Gopal Prasad Rimal (गोपाल प्रसाद रिमाल; 1917–1973) was a Nepalese poet from Kathmandu, Nepal. According to scholar Michael J. Hutt, "he is remembered as the first "revolutionary" Nepali poet and the first to reject the use of meter".

== Biography and career ==
His parents were Umakanta Rimal and Aditya Kumari Rimal. His first poem, entitled "Kavi ko Gayan" was published in a monthly magazine called Sharada.
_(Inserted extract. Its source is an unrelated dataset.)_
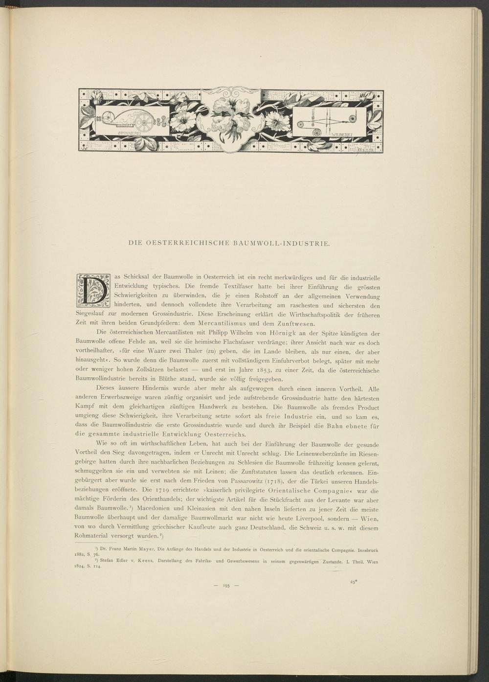 Die österreichischen Mercantilisten mit Philipp Wilhelm von Hörnigk an der Spitze kündigten der Baumwolle offene Fehde an, weil sie die heimische Flachsfaser verdränge; ihrer Ansicht nach war es doch vortheilhafter, »für eine Waare zwei Thaler (zu) geben, die im Lande bleiben, als nur einen, der aber hinausgeht«. So wurde denn die Baumwolle zuerst mit vollständigem Einfuhrverbot belegt, später mit mehr oder weniger hohen Zollsätzen belastet — und erst im Jahre 1853, zu einer Zeit, da die österreichische Baumwollindustrie bereits in Blüthe stand, wurde sie völlig freigegeben.

During Rimal's adolescence, he came under the influence of revolutionaries who were aspiring to overthrow the Rana dynasty. Rimal began his career as a successful poet in 1930 and as a playwright in 1940. In 1941, after the execution of a group of political agitators, including Dashrath Chand, Rimal gathered a group of young poets to protest together by singing hymns, at Pashupatinath Temple in the mornings, and at the shrine of Shobhā Bhagavatī in the evenings.
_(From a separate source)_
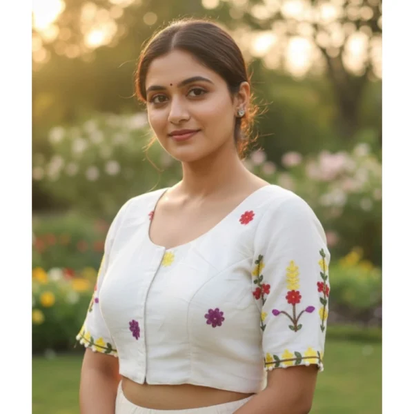 Generic Women’s Cambric Cotton Round Neck Padded Blouse (White, 38 Ready Size (Self-Alterable 36–40)

Rimal founded a creative organization called "Praja Panchayat" to oppose the Rana rulers and was imprisoned on several occasions for his involvement in the movement. He played a pivotal role in making the 1950–52 Democratic Movement successful, but became disillusioned, and "felt betrayed by the factional strife."

His dreams of a democratic Nepal shattered, Rimal subsequently lost his mental balance and was sent to an asylum in Ranchi. Later, he was brought back to Nepal to spend the rest of his life roaming insane in the streets of Kathmandu. Rimal died in 1973.

=="Jangi Nishan Hamro"==
Jangi Nishan Hamro or Rato Ra Chandra Surya is one of the most famous poem of Rimal.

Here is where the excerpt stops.